Выбрать главу

Так что есть родина человека, с вопроса о которой мы начали эту статью? Мы знаем, с чего начинается родина. С самого себя. Где кончается эта родина? Человечество насчитывает 7 млрд. существ, расселенных по всей планете, и как бы возмутительно это не звучало, но для каждого отдельного индивида человечество по большей части является неразличимой массой, абстракцией. Абстракция не предполагает эмоционально-нравственного отношения к себе, которое психологически складывается в два акта: через персонализацию объекта и перенос его на себя (за эту функцию в мозге отвечают зеркальные нейроны). Мы сострадаем тому, что видим, а затем идентифицируем это с собою (и поэтому из всех искусств важнейшим для пропаганды является кино). Невозможно увидеть в зеркале многомилионную толпу. Из Закона орбиталей следует, что значимость социальных страт и сообществ убывает по мере удаления от человека. Для индивида (мозга) это выражается в том, что объекты, приобретая абстрактную форму, утрачивают нравственно-эмоциональное содержание.

Следствие 2. Эмоционально и нравственно значимое для человека общество, в просторечии именуемое родиной, не может быть сколь угодно большим.

Империя отчуждает человека от себя, но при этом, создав супериерархию власти, требует ее суперсакрализации и компенсирует упадок патриотизма ужесточением собственного законодательства и карательными актами.

Следствие 3. Все супериерархии внутренне противоречивы (противоестественны).

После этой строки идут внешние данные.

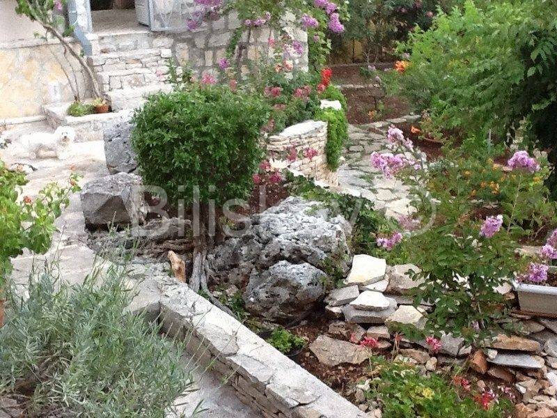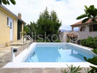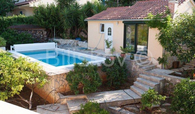 Brač, Splitska, 2 Einfamilienhäuser und ein Schwimmbad auf einem gepflegten Garten von 1000 m2 im zentralen Teil der Stadt, mit Blick auf das Meer.
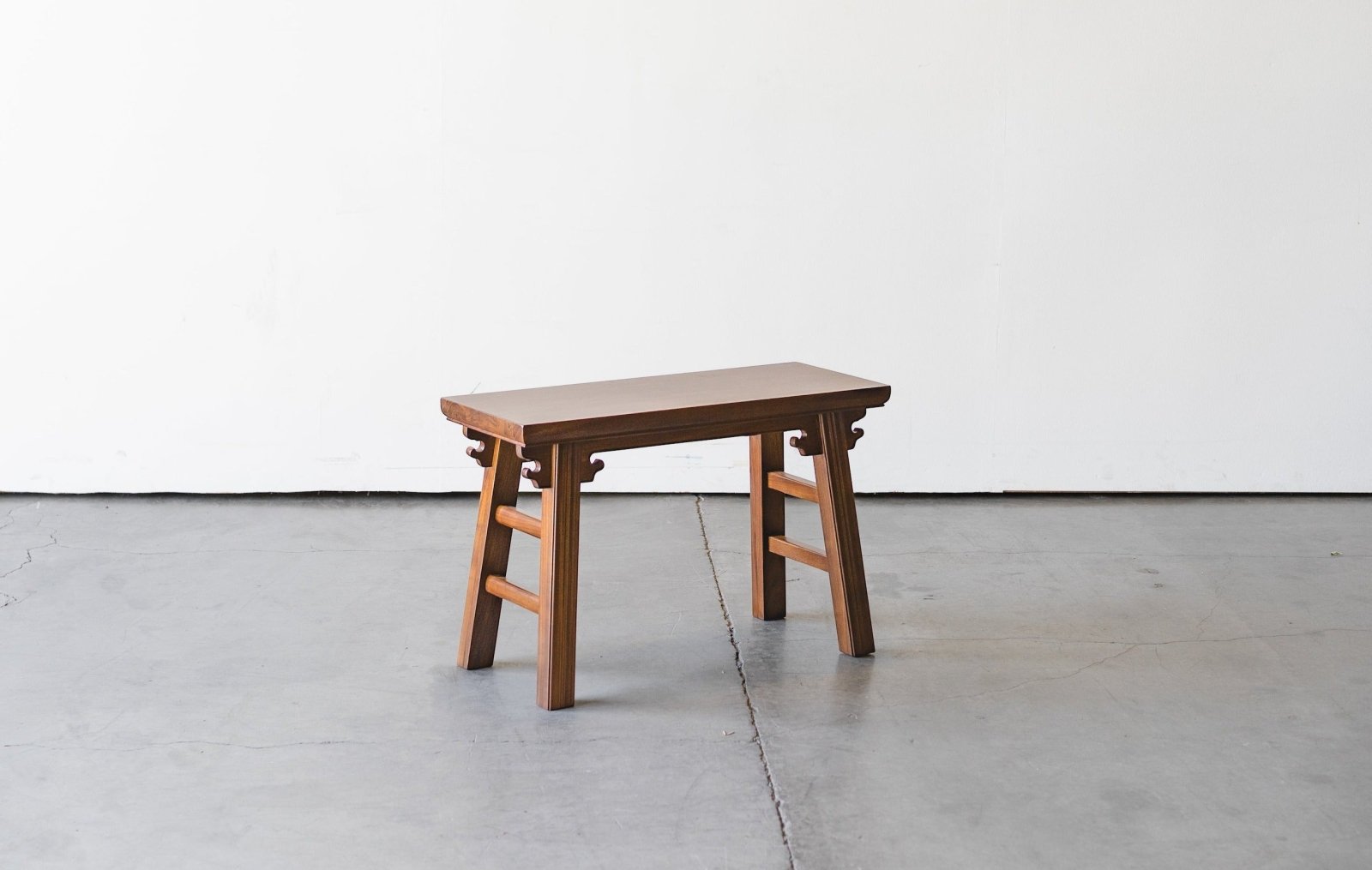 The Cloud Stand is a small Ming era bench featuring recessed legs and embellished apron head spandrels. Many related forms were made during the Ming and Qing eras, and they were typically used as stools.
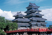 現存する日本最古の国宝の城。烏城とも呼ばれ、戦国時代の鉄砲戦を想定した天守閣は漆黒となっています。北アルプスをバックに堂々とした姿は、松本のシンボルとして愛されています。
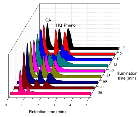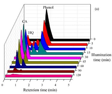 As it can be seen in Figure 11, after 10 minutes of illumination time, both, Phenol and hydroquinone start to be transformed in other compounds, which are evident due to the formation of two new signals in the chromatogram. In the case of the mix phenolic compounds photodegradation, it is observed that the effectiveness of the photocatalytic process is lower than the obtained in the tests performed with the phenolic substrates individually, thus, the total mineralization of these compounds was not achieved even after 120 min of photocatalytic treatment. This behavior is due to the simultaneous presence of three pollutants which can be transformed into others at the same time; in addition, these phenolic compounds can compete with each other by the hydroxyl radicals during the photocatalytic reaction, as it can be also explained by other authors [25]; this is one of the main challenge to deal when the photocatalytic processes are employed at big scale in the treatment of real wastewater polluted simultaneously with different organic and inorganic compounds.
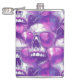 Découvrez un design motif de crâne frappant et pointu, avec des crânes minutieusement détaillés portant des lunettes de soleil audacieuses et teintées de violet. Le design combine des textures grunge, des éclaboussures vives de teintes magenta et violet, et des effets de fissures désespérés pour créer une esthétique rebelle et artistique.
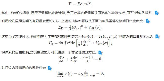 在偽真空的環(huán)境下,大小不一的真真空泡泡,由于量子漲落和熱漲落隨機(jī)出現(xiàn)并消失,直至泡泡的半徑大于等于臨界半徑,然后這些泡泡就會(huì)一直膨脹下去,完成一級(jí)相變的相變過程,并把多余的體系自由能以相變潛熱的形式釋放到環(huán)境中?;谶@個(gè)機(jī)制,單位時(shí)間單位體積的臨界泡泡成核率可以表示為
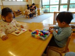 お部屋で友だちとのやりとりを楽しんだり、好きな遊びをじっくりと取り組んでいます。

Коррупция (как критерий антипатриотизма) всегда сопровождала человечество. Обширное исследование коррупции от эпохи античного мира до современного периода можно найти в книге [15]. Но этот труд, как и любой другой исторический труд, не объяснит нам природу коррупции. У историка нет инструментальный базы для этого. Когда же юрист берется объяснять причины коррупции, то у него на первом месте оказывается «несовершенство законов». Законы – это костыль для больного общества. Назначение всех законов – ограничить солипсические претензии человека, ибо этот человек злоупотребляет возможностями всегда в пользу самого себя. И лечебный эффект их такой же, каким обладают костыли: хромого они не вылечат.

Когда же политолог начинает анализировать падения того или иного государства, включая Рим, то в его терминологии начинают фигурировать «недостаток воли», «упадок нравов», «политические просчеты» и прочие «человеческие факторы». По мнению политологов бытие социумов складывается как череда удачных волевых решений или ошибок власть имущих. Здесь можно сказать лишь одно: роль личности в истории ничтожна. Обширность предмета вынуждает историка пользоваться схематизмом и персонализацией. Точно также в механике для упрощения расчетов вводится «центр масс», который фактически может быть пустым. «Великая историческая личность» может быть таким же пустым центром масс.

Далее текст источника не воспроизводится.